Founded by Germans, Blumenau is a pretty rich city (for Brazilian standards) and, as I like to say, it's got everything a big city has with the tranquility of a small/medium city. It holds the world's biggest Oktoberfest outside Munich. The economy is based in Textile industries. Oh and by the way, it's pretty hot and stuffy during summer, but it's a good place. That's it!


----------



## Skyland (Jul 3, 2005)

TheTramp said:


> Description [100 Words Limited]:
> 
> This is the city that our forumers love to bash the most. It is the epitome of sprawl, although most if not all American cities suffer from this problem. People complain about its summer heat, although there are places in the world hotter than it. This city never won the late city vs city, pitted against any city in the world (except maybe Kabul and Baghdad, even that I doubt). This city will be hated and bashed for as long as it exists.

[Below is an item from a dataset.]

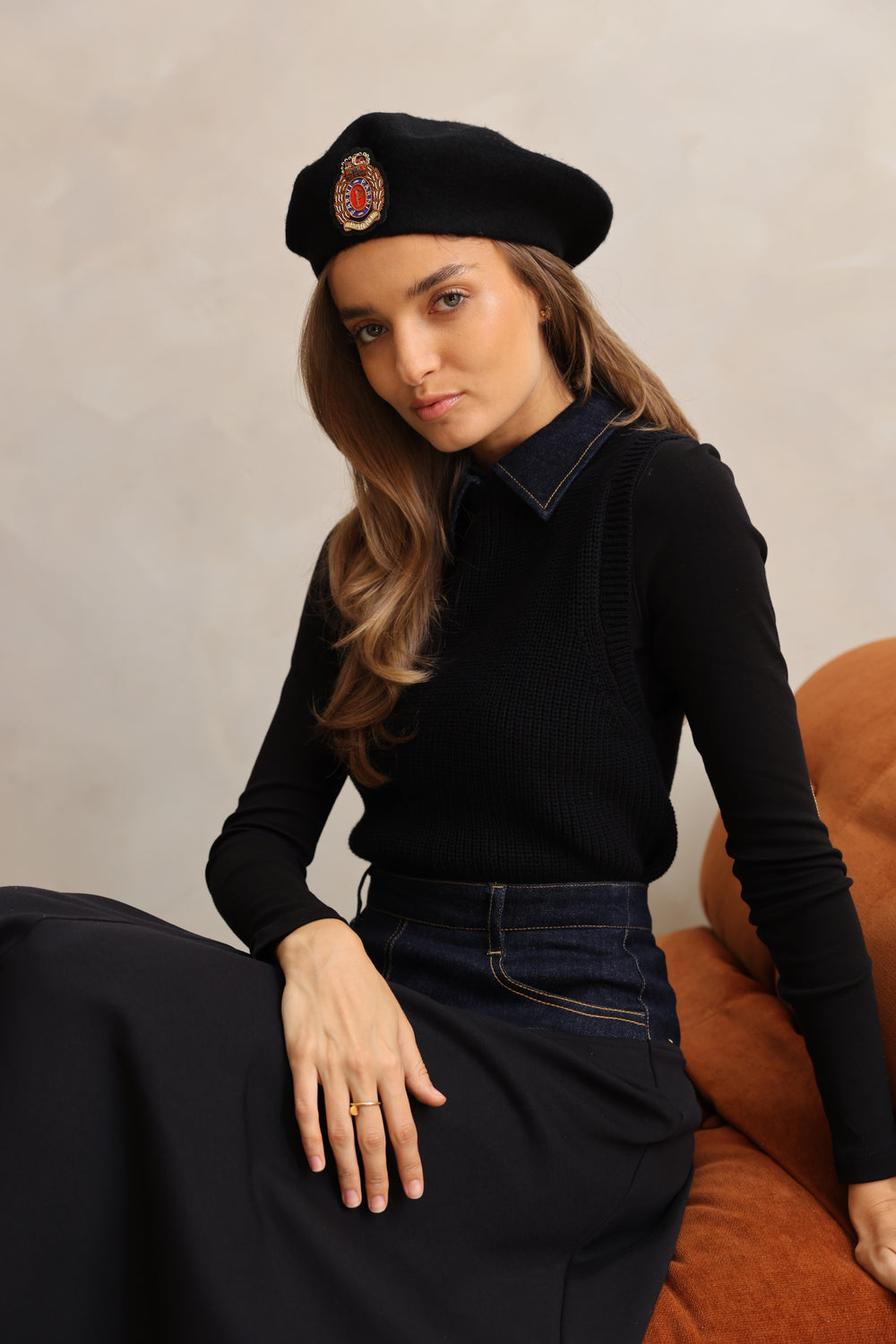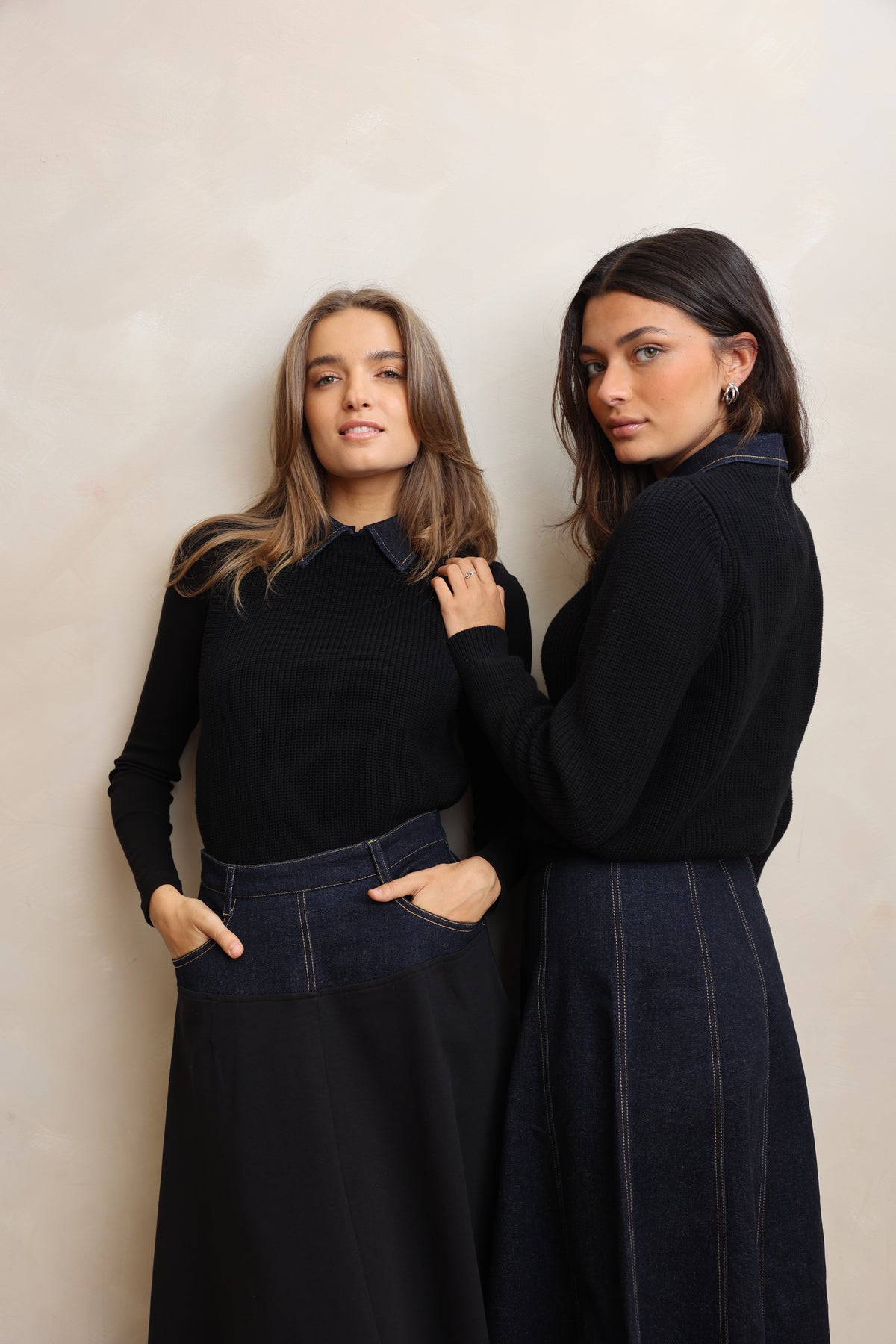 Elevate your layering game with this sleeveless Denim Collar Vest, which combines cozy knit fabric with a crisp denim collar for a fresh take on classic style. The vest fits comfortably at the waist, making it easy to pair over our classic long-sleeve T-necks. Whether dressed up or down, it adds a polished yet casual vibe to any outfit, making it a versatile staple for your collection.

Yet, it is one of the fastest growing cities in the US - because of the good weather, low unemployment and affordable housing. Yes, it is hot in June, July and August - but in all the other months it is very pleasant - better than 5 months rain. The Sonoran desert is beautiful and a good place to hike. Phoenix is definitely not one of my favorite cities as I hate sprawl as well - but there are nice areas like Scottsdale or Tempe which I enjoy - and with the new light railway I believe downtown will become better, too. I love Phoenix for its potential.

By the way: 4 million people live in the Phoenix metro area - which can be considered as one big city. With 41 million passengers annually, the Phoenix Sky Harbor airport is the 13th busiest airport in the world - more than Beijing, JFK or Hongkong airport.


----------



## schmidt (Dec 5, 2002)

If we had 45ºC only ONE day here in Blumenau I'd be moving out the next day!


----------



## TheTramp (Dec 2, 2004)

Skyland said:


> Yet, it is one of the fastest growing cities in the US - because of the good weather, low unemployment and affordable housing. Yes, it is hot in June, July and August - but in all the other months it is very pleasant - better than 5 months rain. The Sonoran desert is beautiful and a good place to hike. Phoenix is definitely not one of my favorite cities as I hate sprawl as well - but there are nice areas like Scottsdale or Tempe which I enjoy - and with the new light railway I believe downtown will become better, too. I love Phoenix for its potential.
> 
> By the way: 4 million people live in the Phoenix metro area - which can be considered as one big city. With 41 million passengers annually, the Phoenix Sky Harbor airport is the 13th busiest airport in the world - more than Beijing, JFK or Hongkong airport.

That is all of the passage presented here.